The AI extraction cannot return a List directly. Always use a wrapper object.
WRONG - Will not work:
"resultType" : "java.util.List.class"
"resultType" : "List<hr.model.Item>.class"
CORRECT - Use a wrapper class:
// Create a wrapper class
public class ExtractionResult {
private List<Item> items;
// getters and setters
}
"resultType" : "hr.model.ExtractionResult.class"
When creating model classes for AI extraction, use LangChain4j @Description annotations:
package hr.onboarding.model;
import dev.langchain4j.model.output.structured.Description;
@Description("Employee identification information")
public class EmployeeInfo {
@Description("System username for the employee")
private String employeeUsername;
@Description("Employee's first/given name")
private String employeeFirstName;
@Description("Employee's last/family name")
private String employeeLastName;
// getters and setters
}
{
"$schema" : "https://json-schema.axonivy.com/14.0-dev/project/data-class.json",
"simpleName" : "ExtractEmployeeData",
"namespace" : "hr.onboarding.agent",
"fields" : [ {
"name" : "inputText",
"type" : "String",
"comment" : "Raw input text"
}, {
"name" : "employeeInfo",
"type" : "hr.onboarding.model.EmployeeInfo",
"comment" : "Extracted employee information"
}, {
"name" : "error",
"type" : "ch.ivyteam.ivy.bpm.error.BpmError"
}, {
"name" : "errorStr",
"type" : "String"
} ]
}
{
"$schema" : "https://json-schema.axonivy.com/14.0-dev/project/process.json",
"id" : "19CF01A0E1B2C3D4",
"kind" : "CALLABLE_SUB",
"config" : {
"data" : "hr.onboarding.agent.ExtractEmployeeData"
},
"elements" : [ {
"id" : "f0",
"type" : "CallSubStart",
"name" : "extractEmployeeData(String)",
"config" : {
"signature" : "extractEmployeeData",
"input" : {
"params" : [
{ "name" : "inputText", "type" : "String", "desc" : "Raw text containing employee information" }
],
"map" : {
"out.inputText" : "param.inputText",
"out.employeeInfo" : "new hr.onboarding.model.EmployeeInfo()"
}
},
"result" : {
"params" : [
{ "name" : "employeeInfo", "type" : "hr.onboarding.model.EmployeeInfo", "desc" : "Extracted employee information" },
{ "name" : "error", "type" : "String", "desc" : "Error message if extraction fails" }
],
"map" : {
"result.employeeInfo" : "in.employeeInfo",
"result.error" : "in.errorStr"
}
}
},
"visual" : { "at" : { "x" : 96, "y" : 64 } },
"connect" : [ { "id" : "f6", "to" : "f1" } ]
}, {
"id" : "f1",
"type" : "ProgramInterface",
"name" : "Extract Employee Data",
"config" : {
"javaClass" : "com.axonivy.utils.smart.workflow.AgenticProcessCall",
"userConfig" : {
"system" : "You are an HR data extraction assistant.
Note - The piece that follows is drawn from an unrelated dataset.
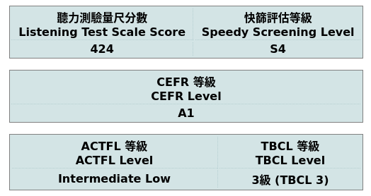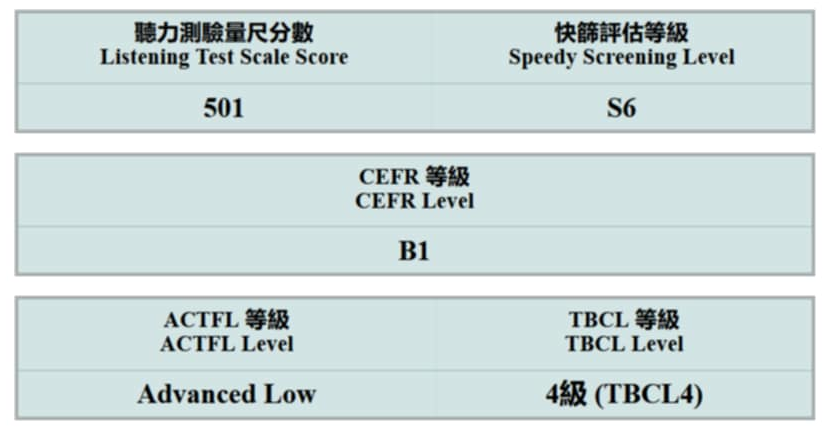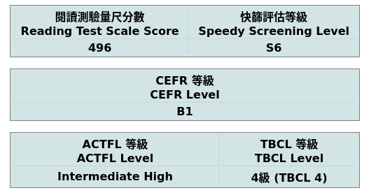 In the end, you get to to immediately see your results. The results are divided into 5 different scales. First off is the reading test scale score, second is the speedy screening level which is S1-S10, the CEFR level, ACTFL level as well as the TBCL level.

Extract employee identification information from the provided text.\n\nEXTRACT THE FOLLOWING FIELDS:\n1. employeeUsername: System username\n2. employeeFirstName: First name\n3. employeeLastName: Last name\n4. employeeId: Employee ID number\n\nRULES:\n- Names should be properly capitalized\n- If username not provided, generate as firstname.lastname (lowercase)\n- Return an EmployeeInfo object with the extracted data.",
"tools" : "[]",
"resultType" : "hr.onboarding.model.EmployeeInfo.class",
"resultMapping" : "in.employeeInfo",
"query" : "Extract employee information from this text:\n\n<TEXT>\n<%= in.inputText %>\n</TEXT>"
}
},
"visual" : { "at" : { "x" : 256, "y" : 64 }, "size" : { "width" : 128 } },
"boundaries" : [ {
"id" : "f2",
"type" : "ErrorBoundaryEvent",
"config" : {
"errorCode" : "ivy:error:program:exception",
"output" : { "map" : { "out" : "in", "out.error" : "error" } }
},
"visual" : { "at" : { "x" : 288, "y" : 104 } },
"connect" : [ { "id" : "f7", "to" : "f4", "via" : [ { "x" : 288, "y" : 160 } ] } ]
} ],
"connect" : [ { "id" : "f8", "to" : "f3" } ]
}, {
"id" : "f3",
"type" : "CallSubEnd",
"visual" : { "at" : { "x" : 448, "y" : 64 } }
}, {
"id" : "f4",
"type" : "Script",
"name" : "Parse Error",
"config" : {
"output" : {
"code" : "in.errorStr = in.error != null ? in.error.getMessage() : \"Unknown error\";"
}
},
"visual" : { "at" : { "x" : 384, "y" : 160 } },
"connect" : [ { "id" : "f9", "to" : "f3", "via" : [ { "x" : 448, "y" : 160 } ] } ]
} ]
}
To give the AI access to tools (sub-processes it can call):
"userConfig" : {
"system" : "You are an assistant with access to tools...",
"tools" : "[\"searchDatabase\", \"createRecord\", \"sendNotification\"]",
"resultType" : "hr.model.AgentResponse.class",
"resultMapping" : "in.response",
"query" : "<%= in.userRequest %>"
}
Each tool name must correspond to a callable sub-process signature in the project.
"system" : "You are a data extraction assistant.\n\nEXTRACT:\n1. fieldName: Description of what to extract\n2. anotherField: Another description\n\nRULES:\n- Rule 1\n- Rule 2\n\nFORMATS:\n- Dates: yyyy-MM-dd\n- Phone: +1-XXX-XXX-XXXX"
"query" : "Process this text:\n\n<%= in.inputText %>"
"query" : "Process this data:\n\n<%= dev.langchain4j.internal.Json.toJson(in.dataObject) %>"
"query" : "Context: <%= in.context %>\n\nData to process:\n<%= in.inputData %>\n\nInstructions: <%= in.instructions %>"
Pass binary files directly in the query — AgenticProcessCall understands InputStream and Binary objects natively. No base64 encoding needed.
"query" : "Extract all data from this invoice:\n<%= in.uploadedFile %>"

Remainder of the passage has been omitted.